勿論全くなくなるという事はありえませんが、はがき1つ・手紙1つの書き方自体知らないと言うのは多くなるでしょう。また、定型化された文型は残されていきますので、それに打ち込めばいいと言いう簡易便利な方法が続きます。
しかし、従来からの手紙の書き方・使い方は、本や学校でなどの時間に教えてもらうだけでしか学ばなくなるでしょうし、それも学習時間としては微々たるものでしょう。
その中の一つとして、今はその意味や使われ方もしていないことに「手紙の前後には余白を開ける」と言うのがあります。
今の手紙では、書き出しの前・最後の部分に空白部があるでしょうか?・・・ほとんどないでしょう。
例えば、「前略や拝啓」はたまた「こんにちは」などで始まる前に1行、2行でも空白を作ることは、全文量が少ない時ぐらいにバランスをとるための時でもない限りないでしょう。
そして叉、最後に「敬具」や「さようなら」・「年月日」「住所氏名」などを書いて、それ以降空白部分があると言うのは往々にしてあります。これもあえてそうしてあるのが多いものです。
しかし、手紙の前後は本来あけておくべきことが、昔から習わしとしてあるという事は知っておいても損はないでしょう。
ではなぜそんなことがあったか❓(その意味を知る人は専門家位でしょう。私も意味があることなどは知りませんでしたし、前後の余白は、バランスだけに注意を注ぐだけでした。)
それが、歴史的意味があることについて、滝川誠二郎書「日本法律史話」の中の「四三 手紙の前後には余白を開ける」という箇所に書いてあります。※1
・余白を作ることは「礼儀である。~多少とも教養ある人ならば、皆心得ている」
・「当時(奈良朝時代)、寺社・百姓等が国衙(こくが)等に対して差し出す訴状.愁状の類は、その前端に、採決文言または聴許文言を書き得る余白を残して提出し、これを受けた国衛、太政官等は、採決または聴許の文言をそこに書き入れて、これを提出者に下付することが例となった。
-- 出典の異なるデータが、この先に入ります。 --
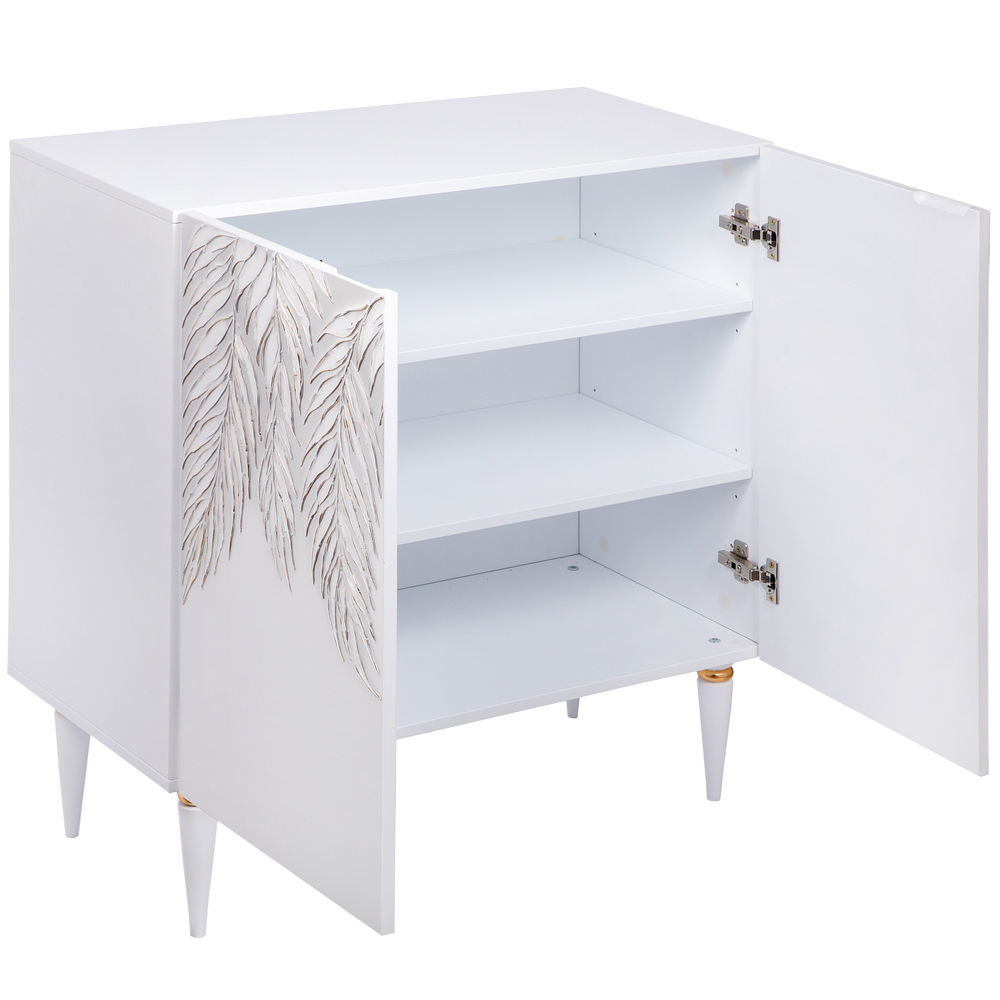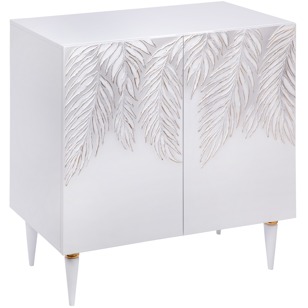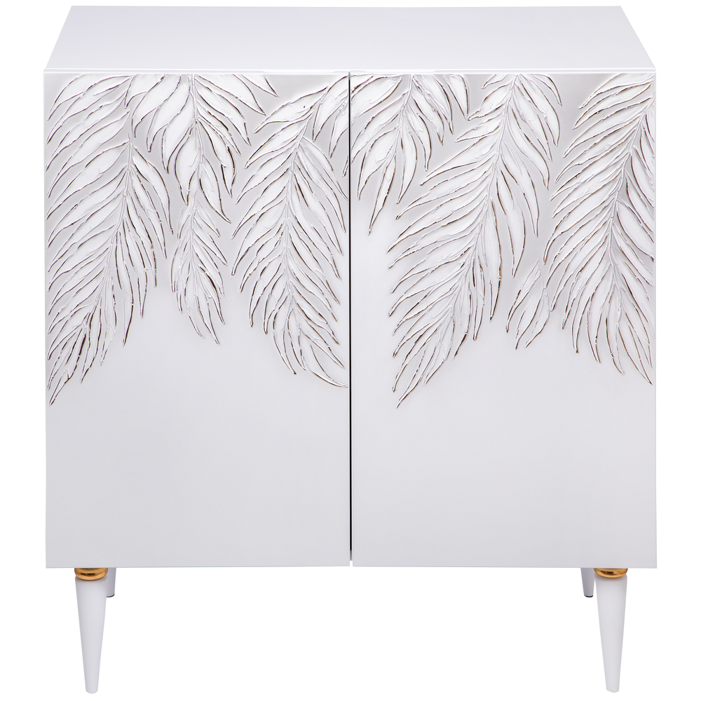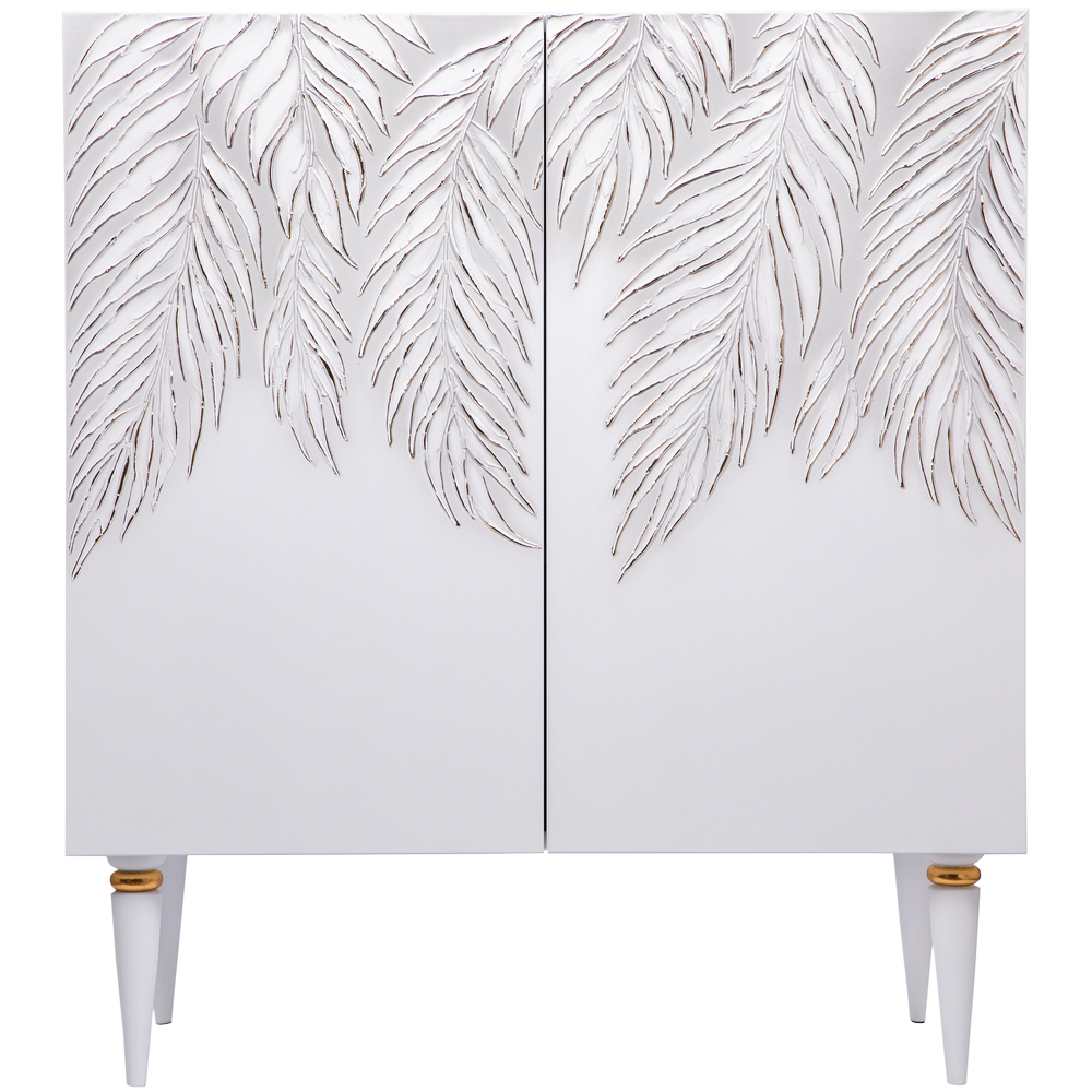 Комод с дверцами Тропик напоминает своей конструкцией мини-шкаф небольшой высоты с двумя отделениями с полками для хранения вещей, скрытыми за распашными дверцами. Комод представлен в двух цветах: белый / серый. Особое украшение изделия - фасад с тропическими листьями, выполненными в авторской технологии мраморной пылью. Покрытие на ножках комода различается в зависимости от модели. Комод деревянный: корпус выполнен из высококачественного МДФ, ножки – из бука. Он отлично подойдет для прихожей, гостиной, коридора, спальни, детской. При этом его поверхность можно использовать в качестве подставки для цветов, для декора, книг, светильника.Простые линии форм, универсальные цвета, неброский декор позволяют легко вписать такую мебель в современный интерьер.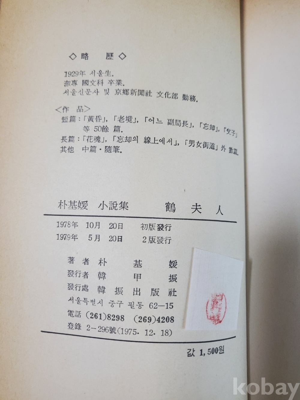 1. 학부인, 박기원, 한진출판사, 1979년, 317쪽, 상태 상, 사진 참조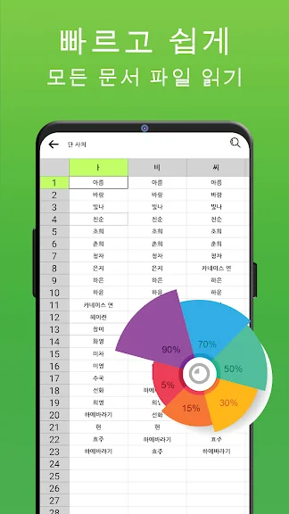이 어플은 구글플레이스토어에서 "엑셀 뷰어"로 검색했을때 3번째로 나오는 어플입니다. 아래는 문서뷰어, PDF 파일 읽기 - 한글뷰어, 오피스 뷰어 어플에 대한 자세한 설명이니 참고하세요.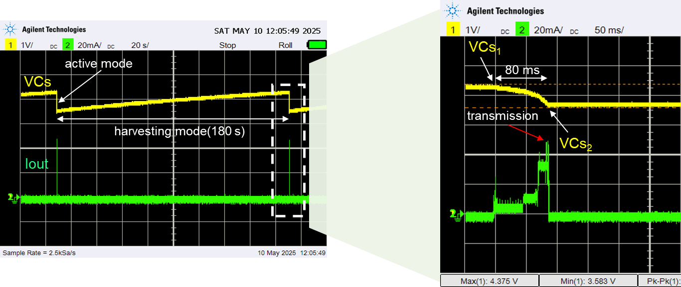 이로 인해 커패시터는 레귤레이터에 연결되고 3.3 V DC 전원이 출력되어 무선 센싱 회로에 전원이 공급되는 active mode 가 시작된다. 이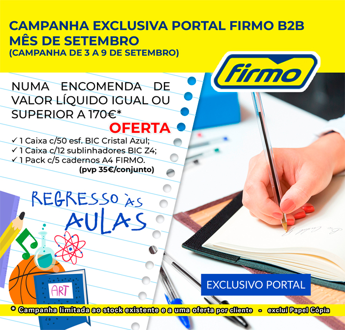 OFERTA EXCLUSIVA – REGRESSO ÀS AULAS >= 170€! | 3 A 9 DE SETEMBRO | FIRMO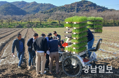 | 나주시농업기술센터는 지난 14일 문평면 일원에서 지역 농업인들이 참석한 가운데 승용 정식기를 활용한 양파 기계 정식 연시회를 갖고 기계화 정식의 효과와 적용성을 소개했다. |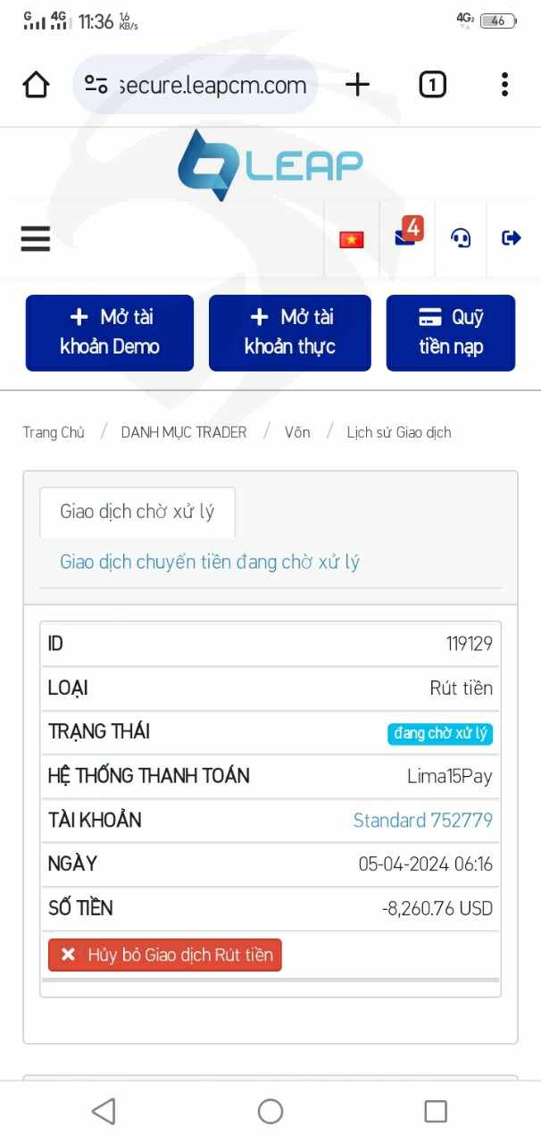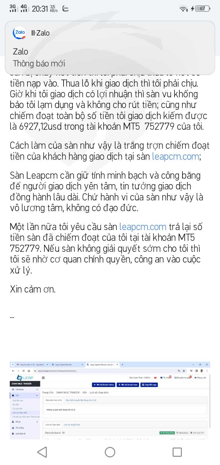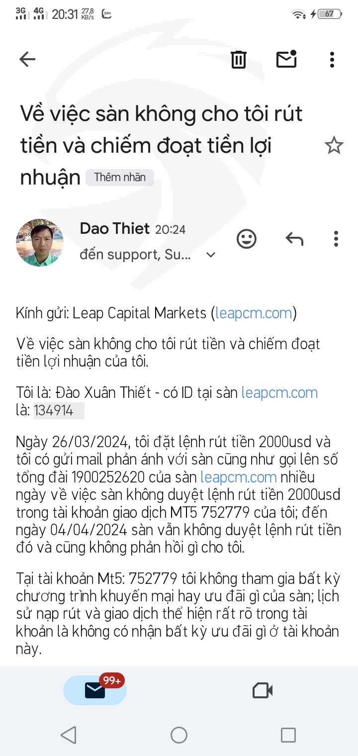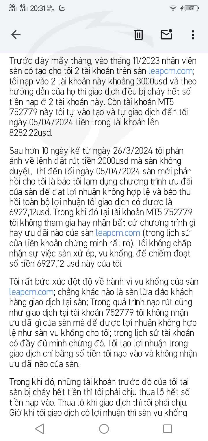 Sàn leap catital markets (leapcm.com) xử ép, vu khống, chiếm đoạt tiền của tôi là 6927,12usd

」
とあります。
つまり、国側(朝廷側)の書き込み用の空白箇所の必要性の為であったということです。
声が慣習化されてきたことが続いてきたのは、文化としての長きにおいて「不要・無駄」と一括することはできないとあります。
このように一つの文化として続いてきたものの意義を知ることは、その意味をまず知らねばならないという前提があるのです。